Under Section 1400Z-2(d)(1), an Opportunity Fund must hold at least 90% of its assets in qualified opportunity zone property (“QOZ Property”) located in an Opportunity Zone. This 90% asset test is determined by averaging the percentage of QOZ Property held in the Opportunity Fund as measured on the last day of the first 6-month period of the taxable year of the Opportunity Fund, and on the last day of the taxable year of the Opportunity Fund. If the Opportunity Fund does not meet the 90% threshold at those times, the Opportunity Fund must pay a penalty for each month it fails to meet the 90% threshold. The Proposed Regulations provide some timing relief for eligible entities formed in the first six months of a calendar year. However, the last day of the taxable year will always be a testing date for purposes of the 90% asset test. For example, an Opportunity Fund formed on October 1, 2018 must hold at least 90% of its assets in QOZ Property located in an Opportunity Zone by December 31, 2018. Since December 31 is always a testing date for the 90% test, a taxpayer interested in forming an Opportunity Fund will likely wait until 2019 to form the Opportunity Fund.

Since developing, constructing, and rehabilitating real estate may take longer than six months, real estate commenters believed that Opportunity Funds investing in real estate projects should be afforded additional time to comply with the 90% asset test. Those commenters also recommended that cash should be considered QOZ Property for purposes of the 90% asset test if the cash was held with the intent of investing in QOZ Property. Although the Proposed Regulations do not provide any time extensions for purposes of satisfying the 90% asset test, the Proposed Regulations include a working capital safe harbor for Opportunity Fund investments in a qualified opportunity zone business (“QOZ Business”) that acquires, constructs, or rehabilitates tangible business property, including real property and other tangible property used in a business operating in an Opportunity Zone. If certain requirements are met, a QOZ Business can treat cash held by such business as working capital for up to 30 months.

An Opportunity Fund must invest in QOZ Property.
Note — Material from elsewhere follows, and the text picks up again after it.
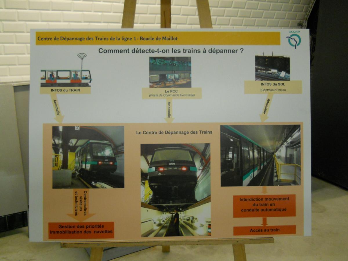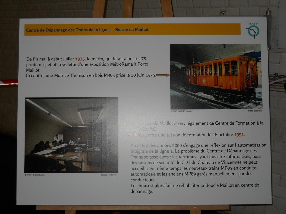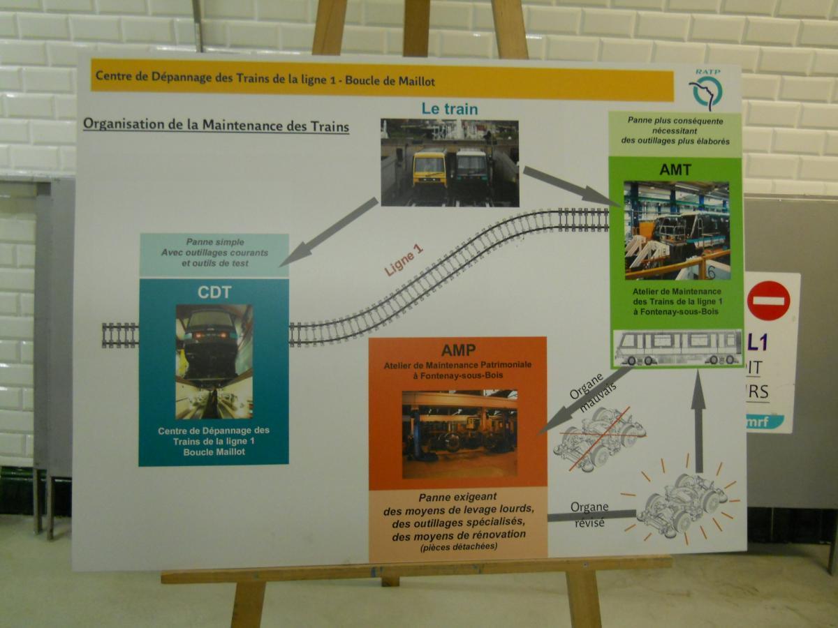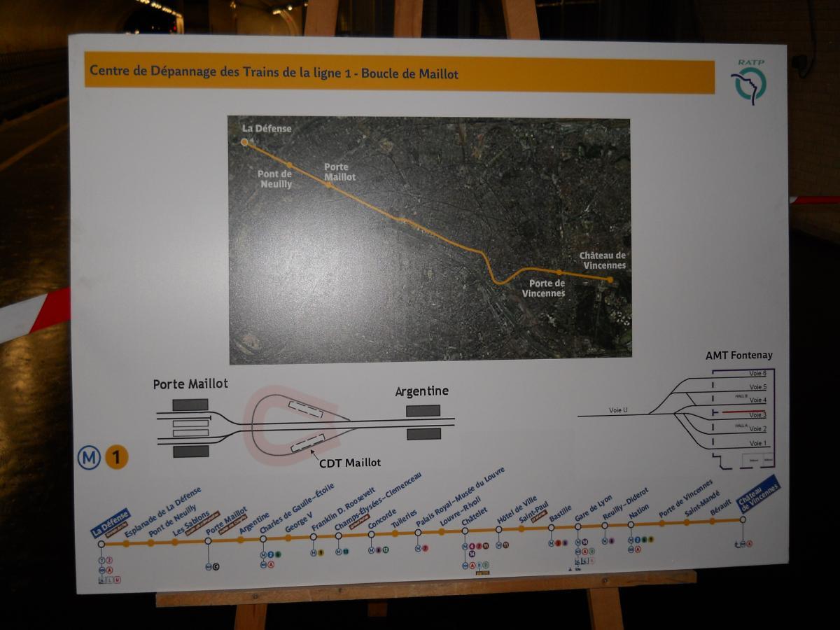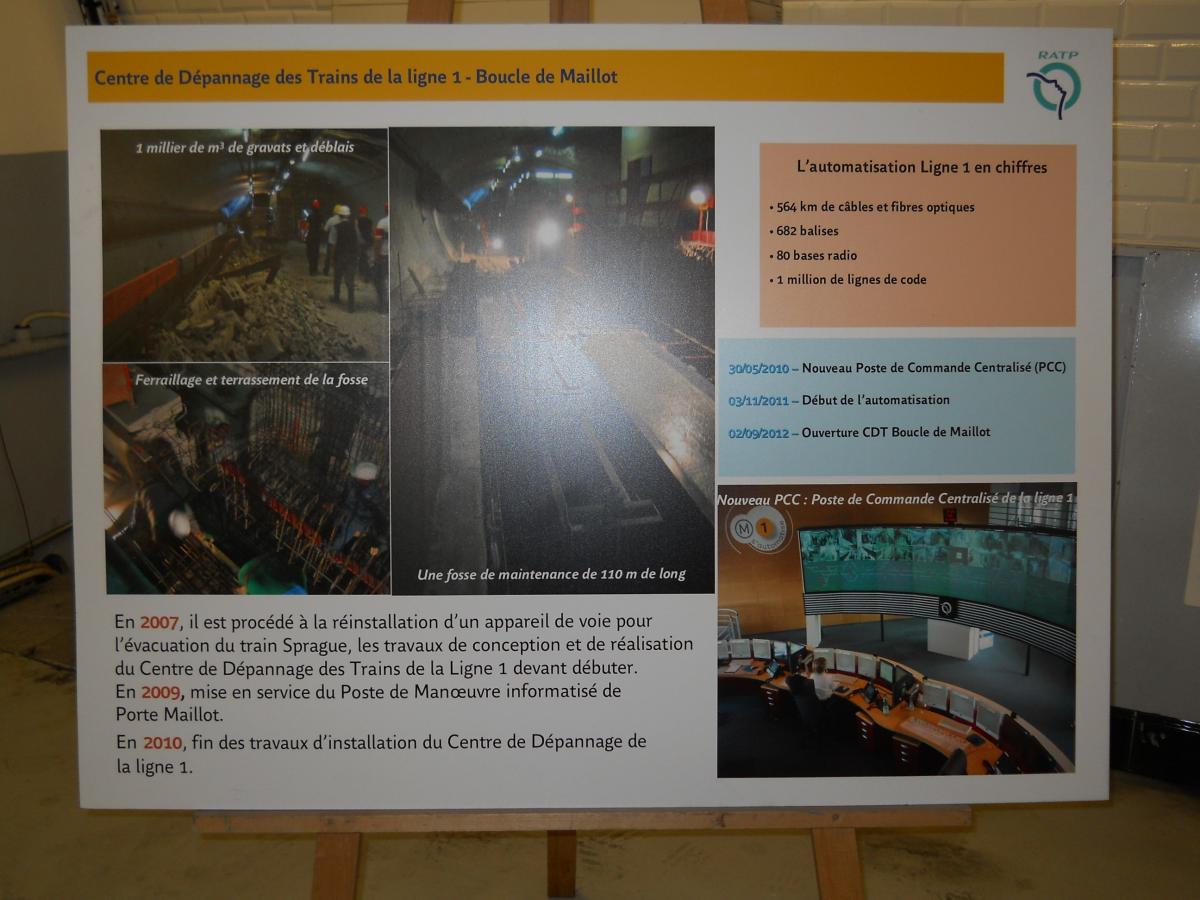 Le nouveau et étroit couloir d'accès au premier quai (non aménagé), qui remonte (au fond) vers les accès ouverts au public de l'actuelle station Porte Maillot. L'autre quai (illustré par les clichés suivants) bénéficie d'un accès construit de manière symétrique. Le plan de l'atelier, affiché à l'entrée du second couloir qui mène vers le second quai (ancien départ) de l'ancienne station. Le plan met bien en évidence les locaux de service (réfectoire, vestiaires, bureaux et entrepôts) qui ont été installés sur ce second quai, là où le premier quai n'a quasiment pas été aménagé. Panneaux explicatifs : construction et fonctionnement de l'atelier La surface du second quai a été fortement réduite du fait à la fois du rabotage du bord du quai, afin de faciliter l'accès aux organes de traction (ce rabotage est mis en évidence par l'important espace visible entre le bord du quai et la rame) et la construction de locaux techniques sur la quasi totalité de la longueur du quai (à l'exception de deux renfoncements, au fond à gauche et immédiatement à gauche). Au fond, on rejoint la voie en direction de Château de Vincennes. Vue du quai, cette fois en direction de la boucle en elle-même. Pour faciliter la maintenance, la voie ne comporte pas de rail de guidage : le train est guidé grâce aux roues de sécurité. Compte tenu de l'étroitesse des couloirs d'accès, le matériel ne peut être transféré (depuis et vers les ateliers de Fontenay) que par la ligne. Contrairement à ce qu'il en est pour les ateliers d'Auteuil, cet acheminement ne se fait pas par un convoi spécifique, mais directement dans l'une des rames MP 05. De préférence, la rame utilisée circule sans voyageurs directement depuis les ateliers de Fontenay jusqu'à l'atelier de la Porte Maillot. Mais pour éviter de surcharger la ligne, la rame utilisée pour le transfert peut prendre également des voyageurs, le matériel étant alors stocké dans une sorte de caisse cadenassée et l'emplacement utilisé dans la rame délimité par des barrières. Dans ce cas, la rame circule se rend de Fontenay à Porte de Vincennes, prend des voyageurs jusqu'au terminus de Neuilly, puis circule sans voyageurs uniquement depuis Neuilly jusqu'à l'atelier de la Porte Maillot (l'objectif étant dans tous les cas d'éviter les ruptures de charge pour les voyageurs). L'une des zones de dégagement sur l'ancien quai- Ligne 1 du métro de Paris : l'atelier de la Porte Maillot - Portes ouvertes lors des journées européennes du patrimoine - Samedi 14 septembre 2013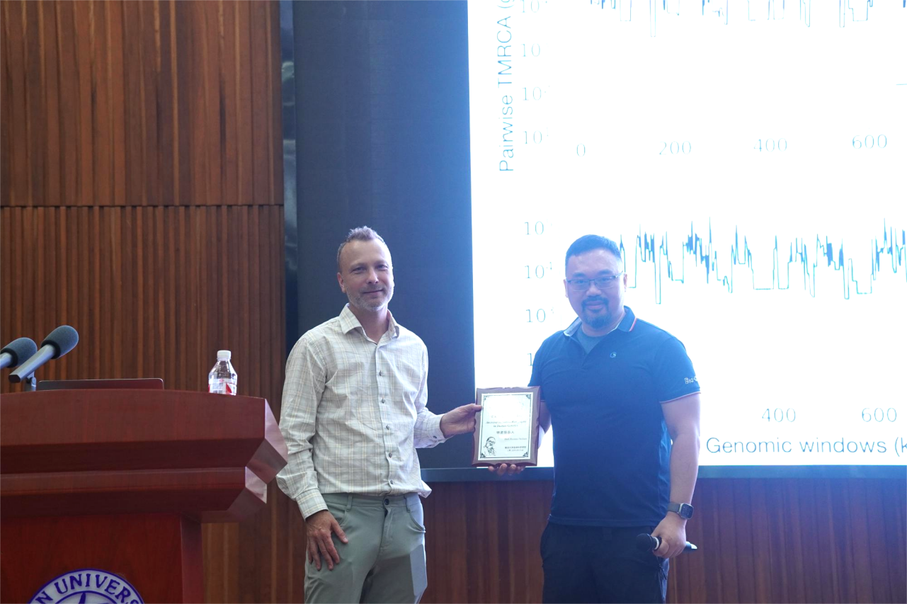 报告结束后,徐书华教授代表国产无码向Nielsen院士颁发谈家桢纪念牌。现场师生围绕群体遗传学方法论、演化医学应用等议题展开深度讨论,与会学者一致认为,ARG技术将为精准医学和古人类学研究开辟新维度。

Under Section 1400Z-2(d)(2), QOZ Property includes qualified opportunity zone business property (“QOZ Business Property”), qualified opportunity zone stock, and a qualified opportunity zone partnership interest.  Section 1400Z-2(d)(2)(D) discusses the requirements of QOZ Business Property. To be considered QOZ Business Property, the original use of QOZ Business Property must commence with the Opportunity Fund (or QOZ Business) or the Opportunity Fund (or QOZ Business) must substantially improve the property. Under Section 1400Z-2(d)(2)(D)(ii), property is substantially improved only if “during any 30-month period beginning after the date of acquisition of such property, additions to basis with respect to such property in the hands of the [Opportunity Fund] exceed an amount equal to the adjusted basis of such property at the beginning of such 30-month period in the hands of the [Opportunity Fund].” The Proposed Regulations address the substantial improvement requirement with respect to a purchased building located in an Opportunity Zone. Since land can never have its original use commence with an Opportunity Fund, the Proposed Regulations and Revenue Ruling 2018-29 clarify that the basis attributable to the land on which the purchased building sits will not be taken into account in determining whether the building has been substantially improved. In order to satisfy the substantial improvement requirement, an Opportunity Fund only needs to invest an amount exceeding the adjusted basis of the building at the beginning of the 30 month period. An Opportunity Fund is not required to separately substantially improve the land.

VII. Conclusion

The goal of the Opportunity Zone program is to encourage economic growth and investment in Opportunity Zones. The Proposed Regulations clarified numerous issues that were unresolved by the text of Section 1400Z-2. Beginning in 2019, it is anticipated that an Opportunity Fund will become a viable investment opportunity for taxpayers looking to defer the incurrence of the capital gains tax.